The climax of The Divine Plan is the fall of the Iron Curtain.  However, most of the book is a riveting account of how the Hand of Providence individually equipped and brought together the two principal characters in this unfolding drama. 

The first unlikely character was a Hollywood actor, governor of California, and eventually president of the United States, named Ronald Reagan.  The second character was Karol Wojtyla, an ordained Catholic priest (1946), then bishop (1958), archbishop (1964), cardinal (1967), and, in 1978, elected Pope John Paul II, the first non-Italian pope in 400 years.

Reagan:  “Rendezvous with Destiny”
The first chapter takes us into Ronald Reagan’s living room, in June, 1979, three years after he was narrowly defeated by President Gerald Ford for the Republican nomination to face challenger Jimmy Carter.  Reagan and his large conservative base had become even more convinced that the 1980 presidential election was Reagan’s to win.  Within the next year and a half, Reagan would win the presidency and soon become known as “the Great Communicator.”

But now, while Reagan and Richard Allen his future national security advisor sit together, they turn on the TV to watch the news.  There, filling the TV screen was a crowd of 2 million Poles who had gathered in Victory Square in Warsaw, Poland, behind the Iron Curtain!  This mass of oppressed humanity had gathered to celebrate their fellow countryman, Karol Wojtyla, now their new pope, John Paul II.  Ronald Reagan is struck by this groundswell of evidence that this Polish pope is so highly regarded and apparently a powerful communicator.

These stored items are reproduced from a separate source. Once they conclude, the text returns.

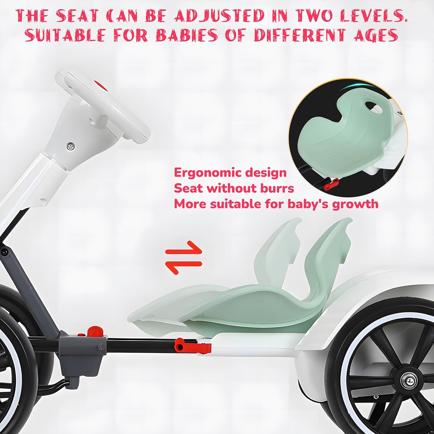 11. **Adjustable Seat**: Two-seat adjustments to accommodate a wide age range.
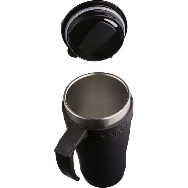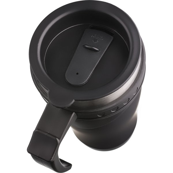 Kubek Inox posiada ergonomiczny uchwyt oraz praktyczną pokrywkę, która chroni przed wylaniem płynów. Dzięki antypoślizgowej fakturze i konstrukcji, która zapobiega przekazywaniu niskiej i wysokiej temperatury do zewnętrznej ściany kubka, masz zapewniony pewny i bezpieczny chwyt bez obaw o oparzenia.
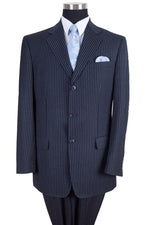 Mens Classic Fit 3 Button Banker Pinstripe Suit in Navy
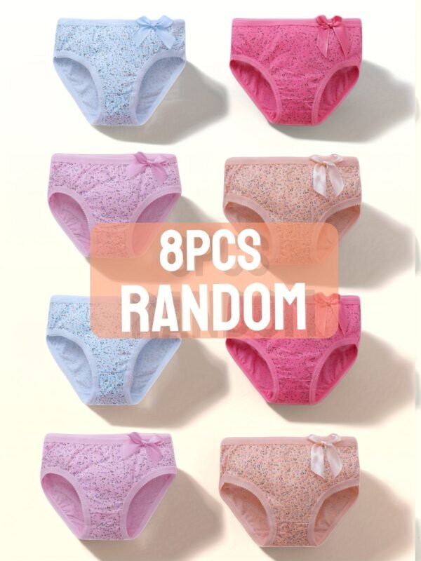Lot de 8 Culottes Triangle Mignonnes pour Filles. Conçues en Polyester et Spandex, Douces et Respectueuses de la Peau. Ornées de Motifs Floraux et de Nœuds Délicats, Ces Culottes Ajoutent un Charme Doux à Votre Petite
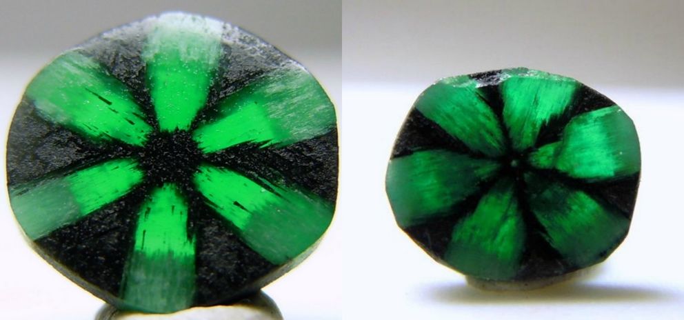 По составу этот драгоценный камень относится к берилловой группе, а свой атласный насыщенно-зеленый цвет получил благодаря примесям хрома и ванадия [2]. Африканские изумруды слегка отличаются именно из-за другого химического состава: в них меньше ванадия, и в то же время присутствует еще и железо, придающее им голубоватый оттенок. Хром придает изумрудам их характерное сияние (рис. 8), и нарушает строгий порядок в кристаллической решетке изящными включениями, называемыми французским словом «жарден», то есть «сад». Эти включения особенно заметны в колумбийских изумрудах, в замбийских их меньше.

As Cardinal Timothy Dolan recounts this event, Pope John Paul II, without mentioning, without using any political partisan vocabulary, without mentioning Russia, without mentioning marks, without mentioning Communism, when he could bring two million people to chant for 11 minutes non-stop, “We want God,” that's an actor who is such a person of integrity that you are able to bring out what is best in your audience.  And boy, they [Reagan and John Paul II] did it with great gusto.

According to the authors of The Divine Plan, Richard Allen recalled that Reagan quietly watched “the massive crowd celebrate the Pope. He is astonished to see such a massive outpouring of emotion behind the Iron Curtain.  Alan glances over at Reagan and notices something unusual and unexpected-- a tear in his eye.”

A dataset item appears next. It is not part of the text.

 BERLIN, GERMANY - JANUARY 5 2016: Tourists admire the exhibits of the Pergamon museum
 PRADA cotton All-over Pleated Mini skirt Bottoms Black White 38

“’Dick, that's it,’ Reagan suddenly announces.  ‘That's it.  The pope is the key!  We've got to find a way to reach out to this Pope and the Vatican to make them in an ally.’”

Kengor and Orlando’s The Divine Plan uncovers the fascinating development of how Ronald Reagan and Pope John Paul II each came to understand how Divine Providence interacts with human free will.  That evening’s TV newscast in Reagan’s living room was an important step, but only one of many in a long succession of events far down the line from the origin of the Divine Plan in Reagan’s vision. 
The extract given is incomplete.